The same earnest distance speaks volumes in Titser Kit, written by Jobert Grey Landeza and directed by Adrienne Vergara. Shot in black and white, there are only slight changes in the visuals, consisting only of intensifying light and shadows on a Lumad student crouched under a table. Here, a single alternating screen evokes both intimacy and confinement. Io Balanon, playing the titular character, uses tenderness and warmth to breach the distance and coax the student out. The well-worn coming-of-age themes of inner strength and standing up for oneself are invested with poignancy and urgency as Landeza’s piece gently walks us through the painful realities of marginalized bodies and remaindered lives.
Just like every Zoom call, I experience the screen in these works as both bridge and barrier. We go on discovering its boundaries and breaking points only as we play along. While in some features, the potency of the material is diluted by the performers’ inability to move within physical space, some are further restricted by a sort of framework that the screen imposes.
In works like Nicko de Guzman’s Bagahe and Mark Norman Boquiren’s Mayang Bubot sa Tag-Araw, characters seem to serve as conduits for conveying contradicting viewpoints and beliefs.
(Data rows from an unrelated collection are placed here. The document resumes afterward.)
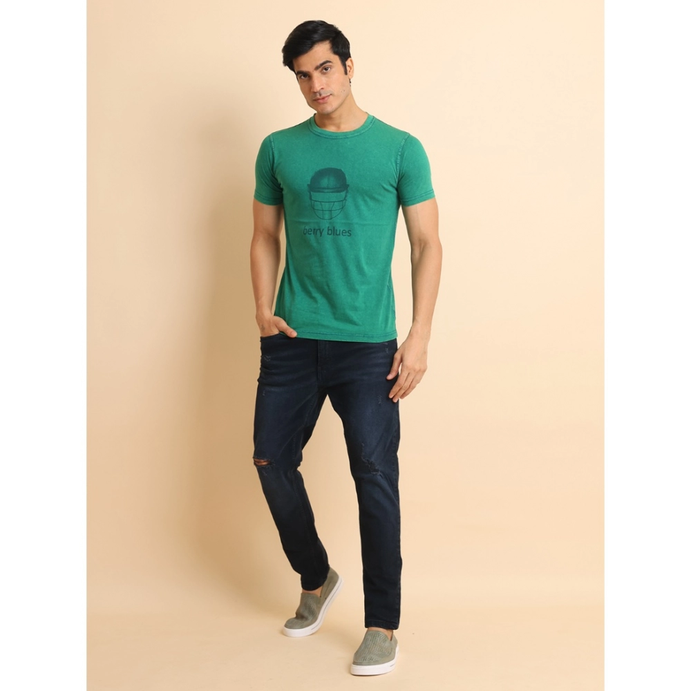 Generic Men’s Casual Cotton Printed Round Neck Half Sleeve T-Shirt (Green)
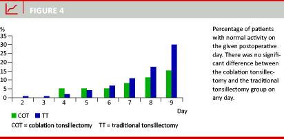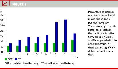 Evaluating food intake and activity levels, we compared patients who scored these parameters as "normal" with patients who scored them "below normal" (the remaining levels summarized). On Days 7 and 8, more patients in the TT group than in the COT group had a normal food intake, but on Days 1-6 and Day 9, no difference was seen between the two groups. Previous studies found no difference between COT and "control" tonsillectomy regarding food intake or return to normal activity [5, 8]. We found a reduction of intraoperative haemorrhage in the COT patients. This was also found in other studies [5, 7].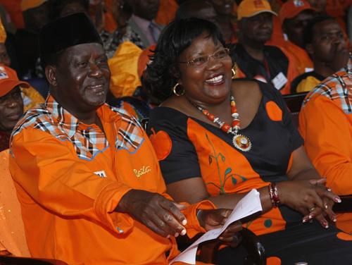2012년 10월 시노베이트 조사에 따르면, 오딩가는 우후루 케냐타와 윌리엄 루토를 상대로 45%의 지지율을 기록하며 선두를 달렸다.[58]오딩가의 정당인 오렌지 민주 운동(ODM)은 칼론조 무시요카의 와이퍼당, 모세스 웨탕굴라의 포드 케냐(FK)와 함께 CORD 연합(개혁과 민주주의를 위한 연합)을 결성하여 대통령 선거에 참여했다. 오딩가는 대통령 후보, 칼론조는 러닝메이트로 출마하여 주빌리 연합(우후루 케냐타의 국민동맹, 윌리엄 루토의 연합 공화당, 채리티 응길루의 국가 레인보우 연합, 나지브 발랄라의 공화당 의회)과 맞붙었다.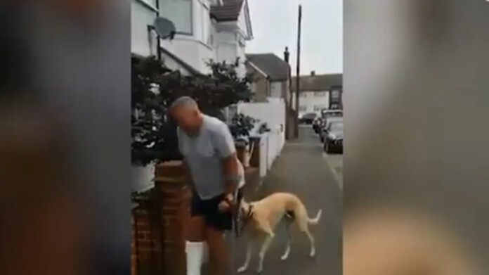 Στο βίντεο ο σκύλος προσέχει τον ιδιοκτήτη του όπως περπατάει με την πατερίτσα προς το σπίτι του και μπαίνει στην αυλή.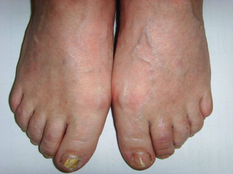 - Анатомически тесное прилегание пальцев, плоскостопие, деформация костей стоп.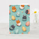 This card features a repeating pattern on a soft aqua background, filled with stylized cats peeking out from cracked decorative ovals as if they’re shyly greeting one another. Some cats are striped orange and others are charcoal gray, with closed eyes and small smiles that suggest a tender, friendly calm. Between them sit smooth, uncracked oval shapes decorated with stripes, polka dots, and tiny hearts, creating little moments that feel like quiet affection. The colors stay gentle and pastel—soft coral, muted blue, creamy white, and warm yellow—so the whole scene feels light and airy, with a subtle romantic softness in the way the faces seem to “lean” into the pattern. Small star shapes sprinkled around in white and blush pink add extra sparkle across the background, alongside a small touch of spring flair 🌷. There’s no main character or single scene; instead, the repeating layout makes it feel like an ongoing exchange of sweet glances, like friends sharing a private joke. No text appears on the front, leaving the aqua space and the pastel ovals to carry the design 🐇, and the tiny stars dot the gaps between the ovals in a scattered, even rhythm.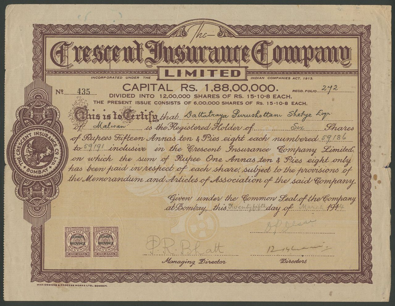 Incorporato ai sensi dell’Indian Companies Act del 1913. Capitale 2.00.000.000 di rupie in azioni di 100 rupie. Ridotto a 1,88,00.000 rupie in azioni di 15 rupie 10 annas 8 torte.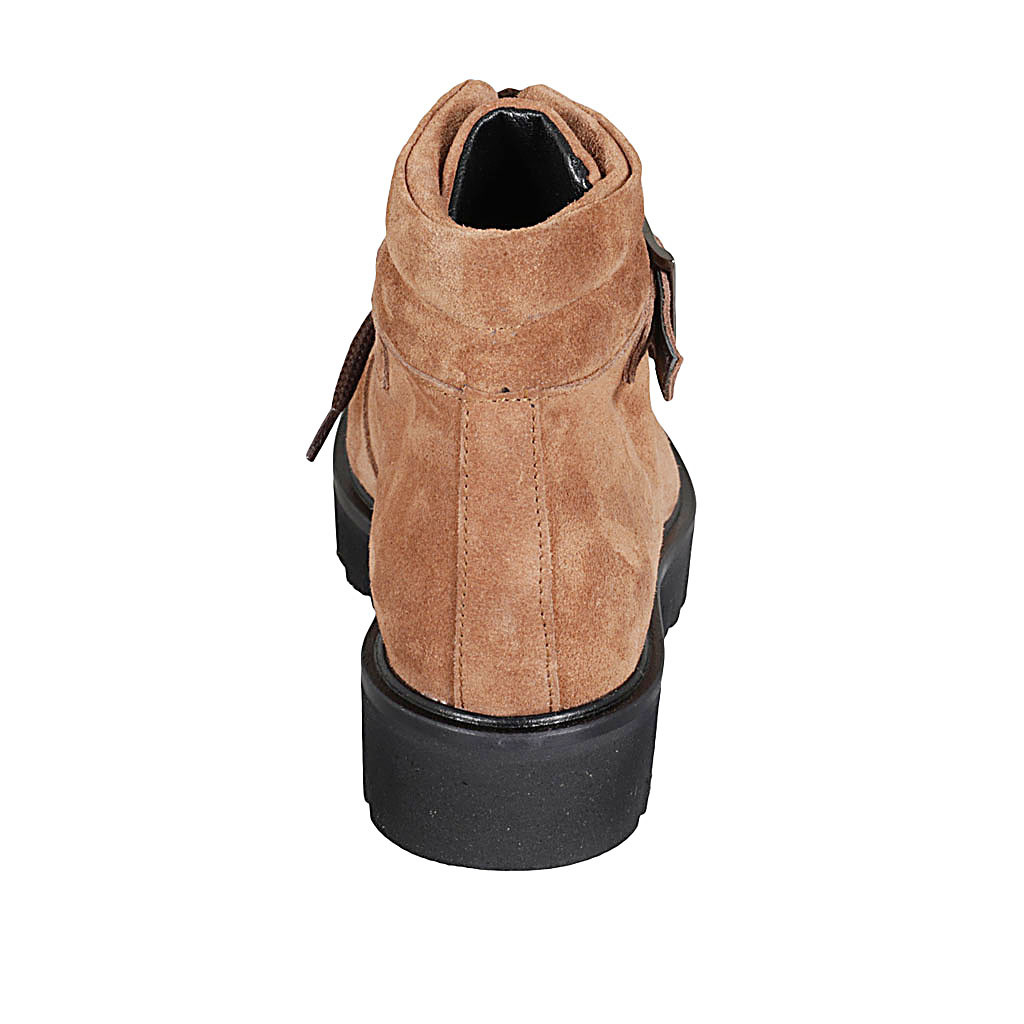 Stivaletto stringato da donna con fibbia in camoscio color cuoio tacco 4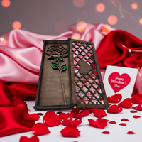 This beautiful laser-cut wooden box is like a secret treasure chest! It has an amazing design with a fancy pattern cut into the lid and a sweet heart shape in the middle. Inside sits a gorgeous wooden rose with red/pink petals and green leaves that fits perfectly in its own special spot.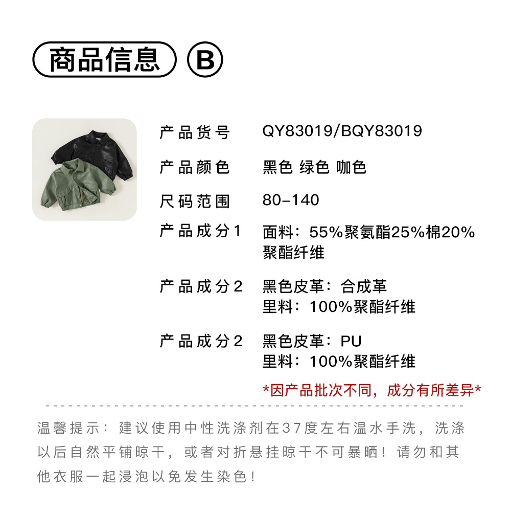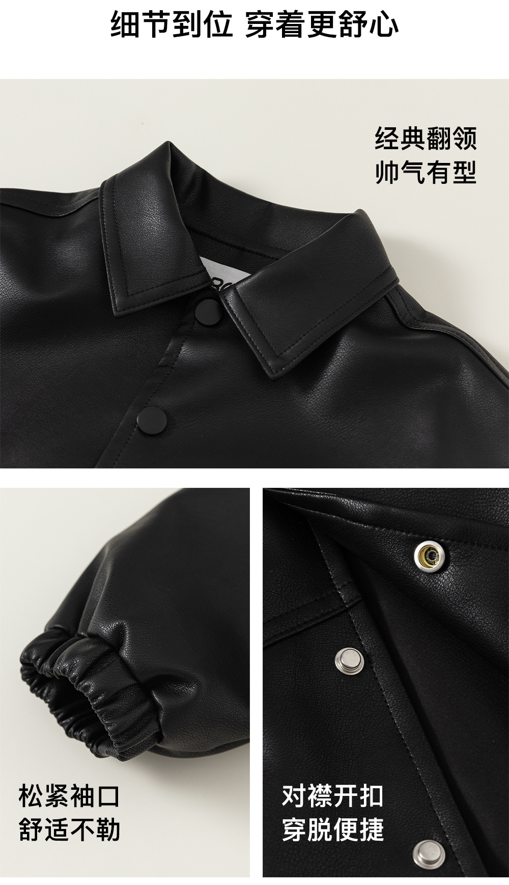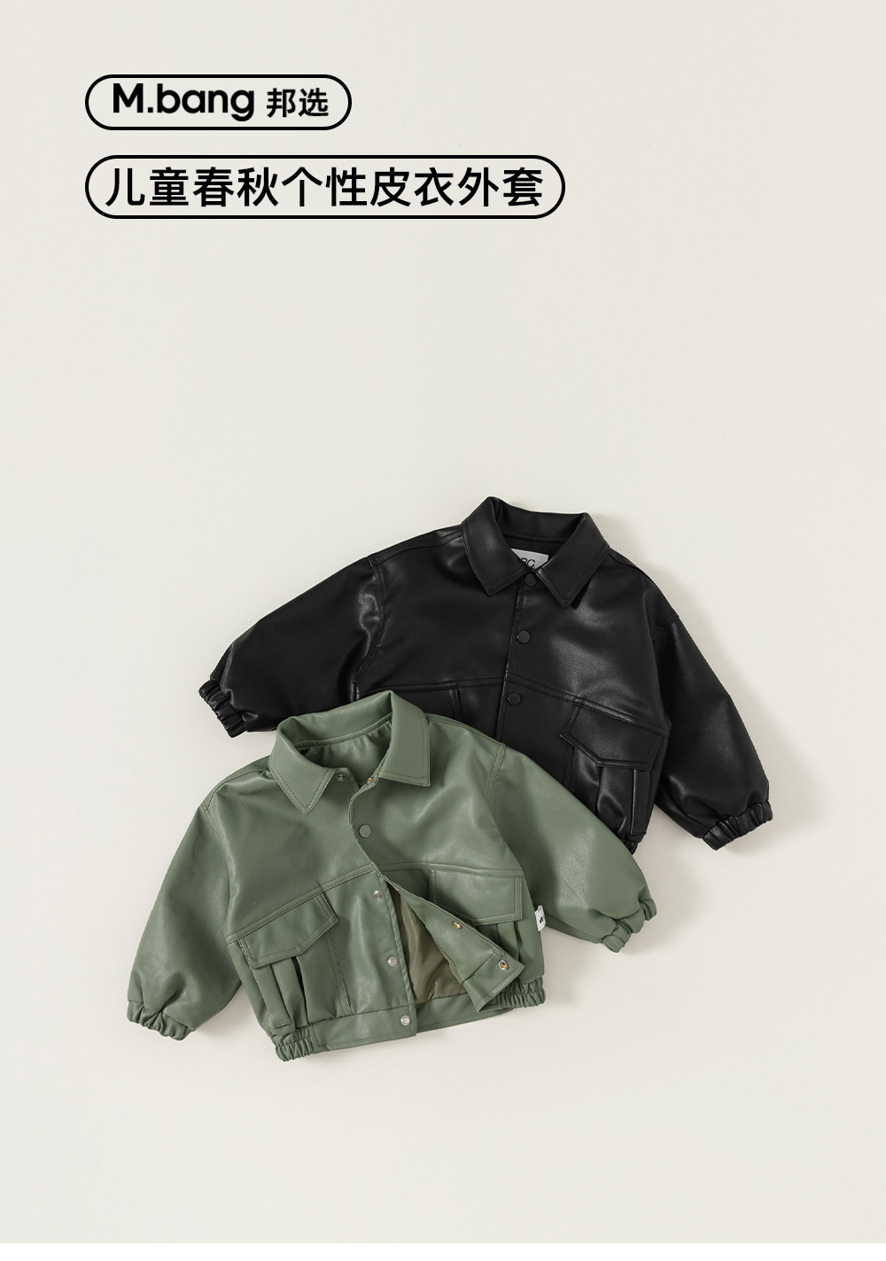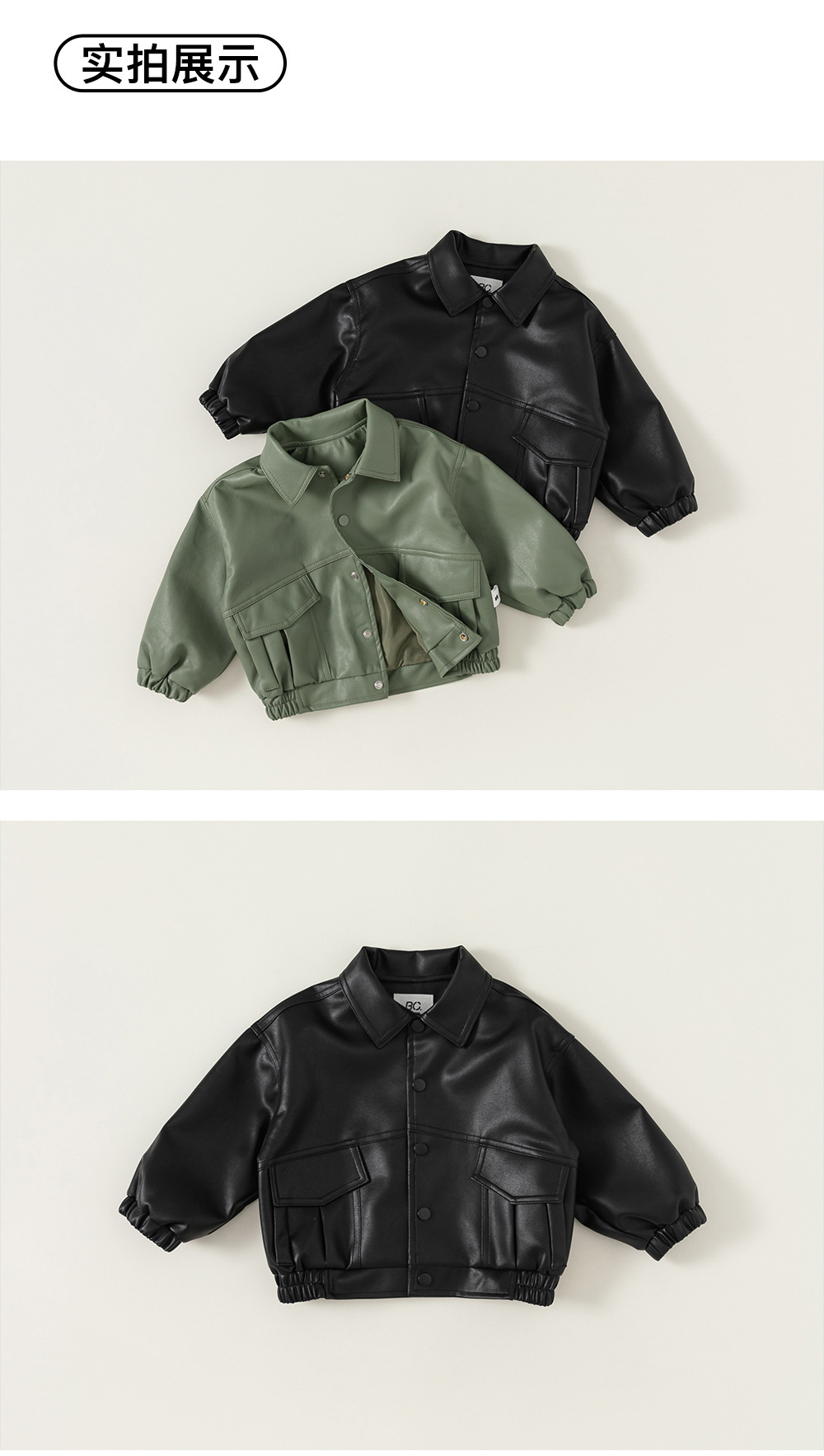유바오 아동복 가을 남아용 코트 단색 가죽 자켓 바이커 펑크 스타일 가죽 자켓 멋진 여아용 코트스토어 가기

Bagahe, beautifully performed with carefully marshaled silences, tells the troubling and necessary tale of an activist who lives with the burden and privilege of leaving. Yet while the complexity of the wife is aptly sketched, the husband’s character isn’t as fleshed out. Commanded only by two figures, the screen risks the danger of projecting a false binary between intellectual activist and unthinking brute, with the latter’s opinions far less compelling than the former. I was left wondering: what does this say about the president’s supporters that I do not already know? Just as Mayang Bubot sa Tag-Araw is weighed down by a need to demonstrate an argument that was already won from the beginning, perhaps my discomfort with the husband’s characterization in Bagahe is that it does not give me enough discomfort, if I know exactly where to side and who to feel for. It was Daryl Pasion’s Papaano Turuan ang Babae Humawak ng Baril which made it more difficult to take sides, as the task of unsettling binaries was central to the material.
Whether they’re buoyed by the directors’ vision or simply lost in the glitch, the stories in this batch stressed a call for theater to be grounded in the times. I’d be lying if I said watching the “live” shows wasn’t difficult (I was constantly checking if the actors had lost connection or if my mobile data had given up). But at best, the experience was like watching theater reconsider itself, reimagine its parameters, declare all procedures as provisional, built up as we go along. What matters most is we keep playing.
(Banner photo: Mayang Bubot sa Tag-Araw written by Mark Norman Boquiren and directed by Mark Mirando.)
(The Virgin Labfest 2020 Kapit: Lab in the Time of Covid is co-presented by the Cultural Center of the Philippines, Writer’s Bloc, Inc., and Tanghalang Pilipino.)